▶ _Your instructions_
Within the material below, transcribe exactly the lines from the one holding "Regał mobilny w" through the one holding "2023.08.30 AKIRA eventcover2309-2", keeping both ends and skipping the rest.

▶ _Data to examine_
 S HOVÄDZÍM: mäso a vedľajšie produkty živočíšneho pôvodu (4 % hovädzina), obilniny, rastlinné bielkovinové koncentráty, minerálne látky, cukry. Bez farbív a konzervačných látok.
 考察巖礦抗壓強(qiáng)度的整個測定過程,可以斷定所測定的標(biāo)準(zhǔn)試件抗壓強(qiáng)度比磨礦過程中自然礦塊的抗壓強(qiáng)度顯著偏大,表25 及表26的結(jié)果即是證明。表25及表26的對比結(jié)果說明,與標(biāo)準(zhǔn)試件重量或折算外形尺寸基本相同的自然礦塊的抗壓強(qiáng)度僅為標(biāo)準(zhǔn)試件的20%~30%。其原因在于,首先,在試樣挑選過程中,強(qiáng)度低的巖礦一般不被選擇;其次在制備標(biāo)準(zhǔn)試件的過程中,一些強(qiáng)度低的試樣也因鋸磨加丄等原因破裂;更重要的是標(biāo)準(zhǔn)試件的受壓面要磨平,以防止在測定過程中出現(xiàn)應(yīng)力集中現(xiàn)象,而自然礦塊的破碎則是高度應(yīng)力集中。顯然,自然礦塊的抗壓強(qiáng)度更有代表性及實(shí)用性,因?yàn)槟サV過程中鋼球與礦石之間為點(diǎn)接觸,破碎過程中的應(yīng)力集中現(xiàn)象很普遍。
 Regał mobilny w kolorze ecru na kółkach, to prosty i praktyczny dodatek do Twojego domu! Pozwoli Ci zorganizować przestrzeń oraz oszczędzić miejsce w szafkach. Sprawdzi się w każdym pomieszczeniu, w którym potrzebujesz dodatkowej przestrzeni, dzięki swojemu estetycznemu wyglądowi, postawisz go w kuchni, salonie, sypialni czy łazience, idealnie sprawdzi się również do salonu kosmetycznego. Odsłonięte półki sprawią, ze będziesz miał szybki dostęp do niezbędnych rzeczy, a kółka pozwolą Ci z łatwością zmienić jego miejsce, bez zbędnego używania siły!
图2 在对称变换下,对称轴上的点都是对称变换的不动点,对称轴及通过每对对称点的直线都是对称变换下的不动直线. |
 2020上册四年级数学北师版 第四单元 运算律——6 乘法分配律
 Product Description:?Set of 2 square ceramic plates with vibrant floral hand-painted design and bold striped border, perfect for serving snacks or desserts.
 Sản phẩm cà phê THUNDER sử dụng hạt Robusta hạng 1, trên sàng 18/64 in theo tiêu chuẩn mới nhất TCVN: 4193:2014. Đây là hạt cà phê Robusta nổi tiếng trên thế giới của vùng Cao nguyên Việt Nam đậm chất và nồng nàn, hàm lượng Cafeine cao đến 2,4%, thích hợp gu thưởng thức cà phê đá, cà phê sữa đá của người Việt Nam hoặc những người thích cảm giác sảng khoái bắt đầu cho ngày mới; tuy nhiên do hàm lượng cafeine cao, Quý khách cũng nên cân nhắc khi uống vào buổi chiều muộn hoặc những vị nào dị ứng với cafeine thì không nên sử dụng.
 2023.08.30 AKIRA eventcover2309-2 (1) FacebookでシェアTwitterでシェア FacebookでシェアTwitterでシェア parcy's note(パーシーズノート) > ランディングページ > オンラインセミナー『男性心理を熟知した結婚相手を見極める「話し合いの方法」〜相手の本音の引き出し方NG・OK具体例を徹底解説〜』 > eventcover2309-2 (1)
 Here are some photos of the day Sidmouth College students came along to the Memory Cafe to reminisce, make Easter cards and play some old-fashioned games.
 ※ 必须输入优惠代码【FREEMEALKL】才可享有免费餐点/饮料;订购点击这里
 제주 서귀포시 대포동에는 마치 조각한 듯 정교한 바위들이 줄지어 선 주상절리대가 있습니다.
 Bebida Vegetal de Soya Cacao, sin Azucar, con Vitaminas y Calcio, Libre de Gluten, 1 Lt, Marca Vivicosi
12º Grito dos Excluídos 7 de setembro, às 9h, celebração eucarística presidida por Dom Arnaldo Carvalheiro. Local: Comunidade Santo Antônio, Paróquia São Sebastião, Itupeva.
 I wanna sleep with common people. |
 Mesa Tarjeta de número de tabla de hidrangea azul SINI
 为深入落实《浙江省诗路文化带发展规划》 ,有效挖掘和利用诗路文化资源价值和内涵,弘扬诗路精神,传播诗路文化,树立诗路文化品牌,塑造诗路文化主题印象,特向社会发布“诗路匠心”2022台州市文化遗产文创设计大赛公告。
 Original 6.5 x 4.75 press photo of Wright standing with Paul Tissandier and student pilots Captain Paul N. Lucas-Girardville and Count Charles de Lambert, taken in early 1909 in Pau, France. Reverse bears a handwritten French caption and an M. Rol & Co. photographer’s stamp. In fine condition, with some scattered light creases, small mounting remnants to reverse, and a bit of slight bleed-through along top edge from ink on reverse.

▶ _Answer space_
 Regał mobilny w kolorze ecru na kółkach, to prosty i praktyczny dodatek do Twojego domu! Pozwoli Ci zorganizować przestrzeń oraz oszczędzić miejsce w szafkach. Sprawdzi się w każdym pomieszczeniu, w którym potrzebujesz dodatkowej przestrzeni, dzięki swojemu estetycznemu wyglądowi, postawisz go w kuchni, salonie, sypialni czy łazience, idealnie sprawdzi się również do salonu kosmetycznego. Odsłonięte półki sprawią, ze będziesz miał szybki dostęp do niezbędnych rzeczy, a kółka pozwolą Ci z łatwością zmienić jego miejsce, bez zbędnego używania siły!
图2 在对称变换下,对称轴上的点都是对称变换的不动点,对称轴及通过每对对称点的直线都是对称变换下的不动直线. |
 2020上册四年级数学北师版 第四单元 运算律——6 乘法分配律
 Product Description:?Set of 2 square ceramic plates with vibrant floral hand-painted design and bold striped border, perfect for serving snacks or desserts.
 Sản phẩm cà phê THUNDER sử dụng hạt Robusta hạng 1, trên sàng 18/64 in theo tiêu chuẩn mới nhất TCVN: 4193:2014. Đây là hạt cà phê Robusta nổi tiếng trên thế giới của vùng Cao nguyên Việt Nam đậm chất và nồng nàn, hàm lượng Cafeine cao đến 2,4%, thích hợp gu thưởng thức cà phê đá, cà phê sữa đá của người Việt Nam hoặc những người thích cảm giác sảng khoái bắt đầu cho ngày mới; tuy nhiên do hàm lượng cafeine cao, Quý khách cũng nên cân nhắc khi uống vào buổi chiều muộn hoặc những vị nào dị ứng với cafeine thì không nên sử dụng.
 2023.08.30 AKIRA eventcover2309-2 (1) FacebookでシェアTwitterでシェア FacebookでシェアTwitterでシェア parcy's note(パーシーズノート) > ランディングページ > オンラインセミナー『男性心理を熟知した結婚相手を見極める「話し合いの方法」〜相手の本音の引き出し方NG・OK具体例を徹底解説〜』 > eventcover2309-2 (1)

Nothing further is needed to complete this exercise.